To optimize sweep performance, the SM issues multiple concurrent packets to a given device or the fabric. It carefully balances the number of packets sent at once between the hardware's capabilities and the goal of accelerating the sweep.

An administrator may also choose to force a sweep. This is generally not necessary when using fabrics constructed using Cornelis-supplied switches. Sweeps can be forced via /usr/lib/opa-fm/bin/opafmcmdsmForceSweep.

2.2.4.7. Redundant Fabric Managers in a Fabric

A fabric can include more than one Fabric Manager instance for redundancy. If the primary FM or its host platform fails, a secondary FM can take over fabric management. For instructions on setting up additional FM instances, refer to the CN5000 Fabric Installation Guide.

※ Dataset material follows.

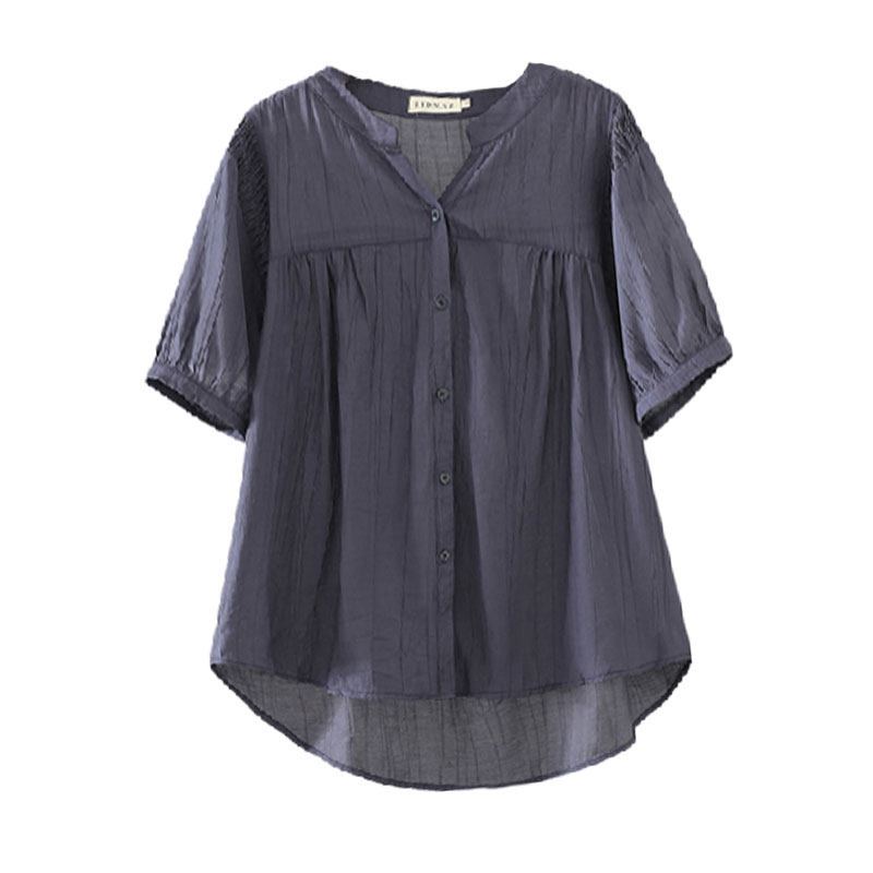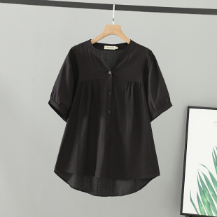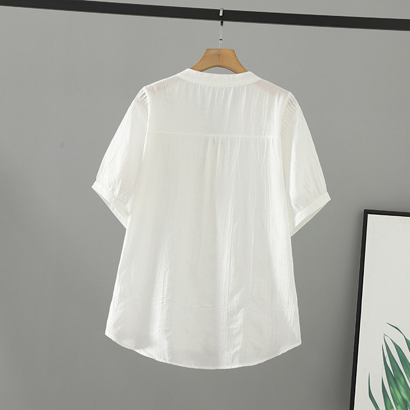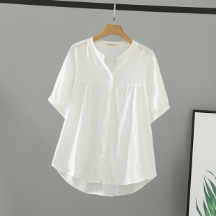 大码 女装 冰丝皱宽松短袖 衬衫 休闲衬衣 胖mm夏装 女V领开衫 2026新款

2.2.4.8. Multiple Subnet Support in Host Fabric Manager

The host FM can manage more than one subnet, often called fabric planes. Each plan is a distinct, isolated fabric—ports in one plane have no interaction with ports in another plane (refer to the following figure). This isolation provides independent failure domains and enables workload or traffic separation across planes.

Figure 3. Multiple Subnet Support in Host FM
Multiple Subnet Support in Host FM


On a host server equipped with a SuperNIC, the FM automatically configures a separate instance for each available SuperNIC port. Each port connects to a separate fabric plane, and the FM configuration specifies which port each instance uses to access its respective plane.

The host Fabric Manager supports four planes with four separate SuperNIC ports on the server. Each Fabric Manager instance runs as a separate process, with no interdependency among instances.

To start or stop a specific FM instance, use the following command:

/usr/lib/opa-fm/bin/opafmctrl.sh [start|stop] -i #

For more information on setting up multiple subnets, refer to the CN5000 Topologies and Routing Guide.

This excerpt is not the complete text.